Three weeks ago today, Emily Wilder, a twenty-two-year-old journalist, joined the Associated Press as a news associate for the Western US region, based in Phoenix, Arizona. A week or so later, conflict in Israel and Palestine started to consume the news cycle. It would go on to consume Wilder’s AP career. Wilder retweeted other people’s thoughts about the story, and offered her own reflection on the way it was being covered in the US: “‘Objectivity’ feels fickle when the basic terms we use to report news implicitly stake a claim,” she wrote last Sunday. “Using ‘Israel’ but never ‘Palestine,’ or ‘war’ but not ‘siege and occupation’ are political choices—yet media make those exact choices all the time without being flagged as biased.” The next day, college Republicans at Stanford University, where Wilder, who is Jewish, was a student, posted a thread accusing Wilder of being an “anti-Israel agitator” and of making anti-Semitic remarks during her time on campus. The Stanford Republicans’ account has fewer than two thousand followers, but the thread was soon amplified by prominent conservative politicians and media outlets, who used it as grist for the broader right-wing argument that the AP is biased against Israel, and favorable toward Hamas. Days earlier, Israeli forces had destroyed the AP’s offices in Gaza City, alleging that Hamas operated out of the same building. (The AP has denied knowledge of this. Israeli officials have yet to publish proof of their claim.)

This had really nothing to do with Wilder—but by Wednesday, the AP had fired her anyway, citing violations of its social-media policy. “We have this policy so the comments of one person cannot create dangerous conditions for our journalists covering the story,” an AP spokesperson told my CJR colleague Shinhee Kang last week. “Every AP journalist is responsible for safeguarding our ability to report on this conflict, or any other, with fairness and credibility, and cannot take sides in public forums.” The spokesperson said that the violations in question occurred while Wilder was employed at the AP, but did not specify which of her posts were at issue. In a statement over the weekend, Wilder said that she, too, has no idea how or when she violated the policy, and that her bosses refused to tell her when she asked; she believes that she was actually “hung out to dry” in response to the right-wing mob’s loud baying about her past activism. “I have to ask what kind of message this sends to young people who are hoping to channel righteous indignation or passion for justice into impactful storytelling,” she wrote. “What future does it promise to aspiring reporters that an institution like the Associated Press would sacrifice those with the least power to the cruel trolling of a group of anonymous bullies?” Since her firing, Wilder has given interviews, too, including to the Washington Post and SFGATE. She told the latter, “There’s no question I was just canceled.”
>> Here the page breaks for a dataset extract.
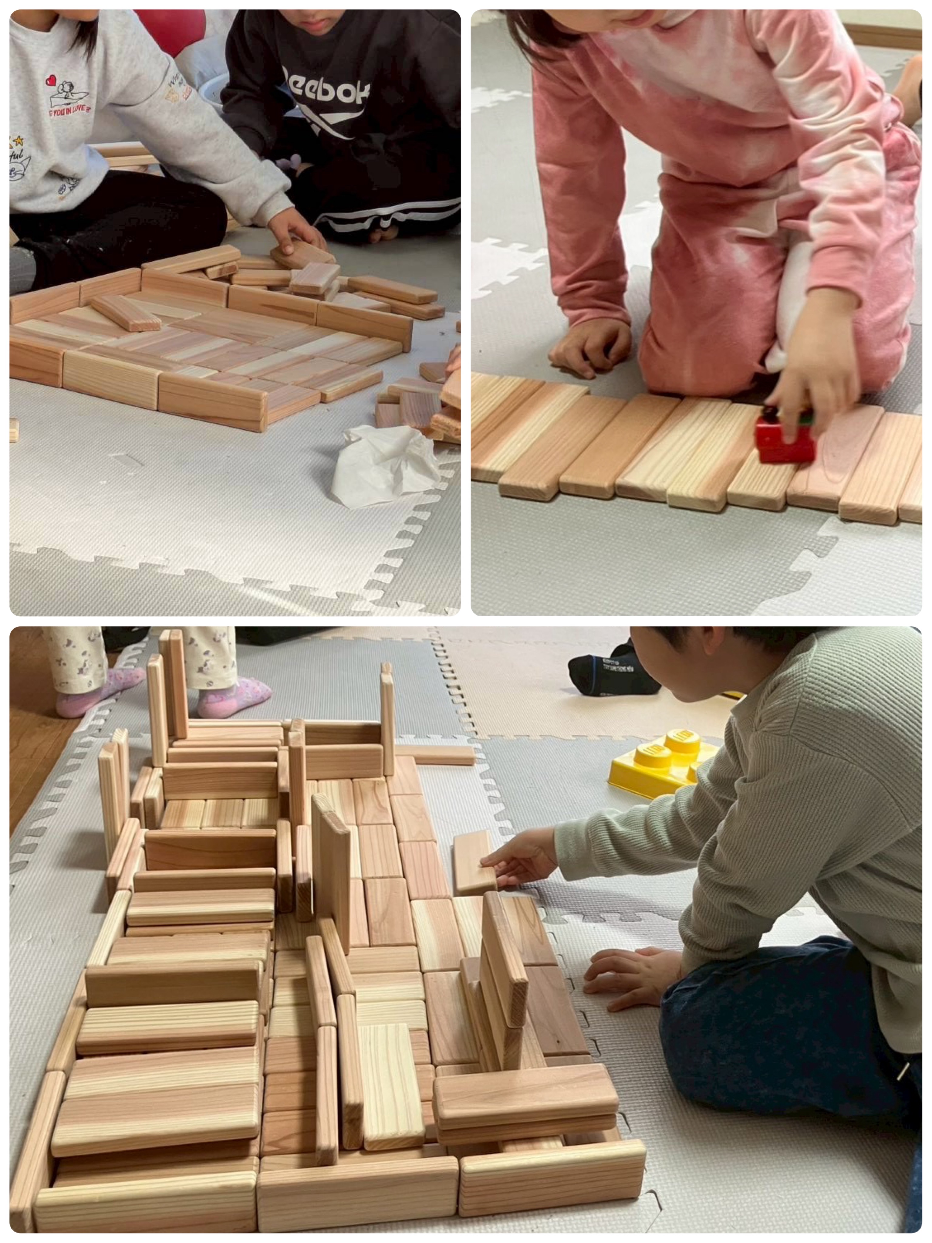 創造力豊かなみんなは、レールを作ったり、お家を作ったりと

ICYMI: What the ephemerality of the Web means for your hyperlinks

The ramifications of Wilder’s firing go beyond the AP as an institution. Most immediately, as the New Republic’s Alex Shephard noted, they are of relevance to the Post, where Sally Buzbee, the AP’s executive editor, will soon take the top editorial job following the retirement, earlier this year, of Marty Baron. (The AP spokesperson did not respond to a followup email from Kang asking what role, if any, Buzbee played in the firing; Buzbee is not slated to join the Post until next week, and was speaking publicly about the AP’s coverage of Gaza as recently as last weekend, when she said, “The Associated Press does not take sides in conflicts.”) In recent years, the Post’s newsroom has been roiled by similar tensions over objectivity and social media use, particularly around tweets about race and sexual violence—early last year, Felicia Sonmez, a Post reporter, was suspended for sharing a news story about a rape allegation against the basketball star Kobe Bryant following his death in a helicopter crash; Sonmez, who has been vocal about her own experience of sexual assault, was also barred from covering the subject, though Post management recently rescinded the ban. After the Post named Buzbee as its new executive editor, I looked for clues as to how she might approach issues such as these. The Wilder firing, on its face, looks like a big clue, though time will tell what it portends.

Beyond specific outlets, the firing holds lessons for the media industry as a whole, as various observers teased out over the weekend. As with the Sonmez incident, the Wilder incident showed up both the tyrannical nature of newsrooms’ social-media policies, and the fact that major outlets still bend all too easily to coordinated, confected right-wing outrage campaigns online: “The AP didn’t identify a disinformation campaign and react accordingly,” as Janine Zacharia, a former Jerusalem bureau chief at the Post who taught Wilder at Stanford, wrote yesterday. These lessons concern news organizations’ persistent failures to adapt to the culture of the internet, specifically. This is a big problem, to be sure, but such failures also channel power imbalances that are more fundamental to the media industry. Various critics contrasted Wilder’s firing with CNN’s lenient treatment of Chris Cuomo, a star anchor on the network who, the Post reported last week, privately advised his brother, Andrew, the governor of New York, to fight back against allegations of sexual harassment and calls for his resignation that Chris at one point characterized as “cancel culture”; Chris apologized, but will not face disciplinary action. (“I can be objective about just about any topic,” he said, “but not about my family.”) CNN has a less rigid editorial tone than the AP, but the conduct of Andrew Cuomo is of far more direct relevance to Chris Cuomo’s job than the Middle East was to Wilder’s work out of Arizona. Ultimately, as New York’s Sarah Jones put it, CNN “wants to keep its moneymakers and elite influencers. To do this, it’ll ignore the ethical standards that apply to everyone else. At the same time, journalism’s Emily Wilders will scrape for every bit of job security they can find.”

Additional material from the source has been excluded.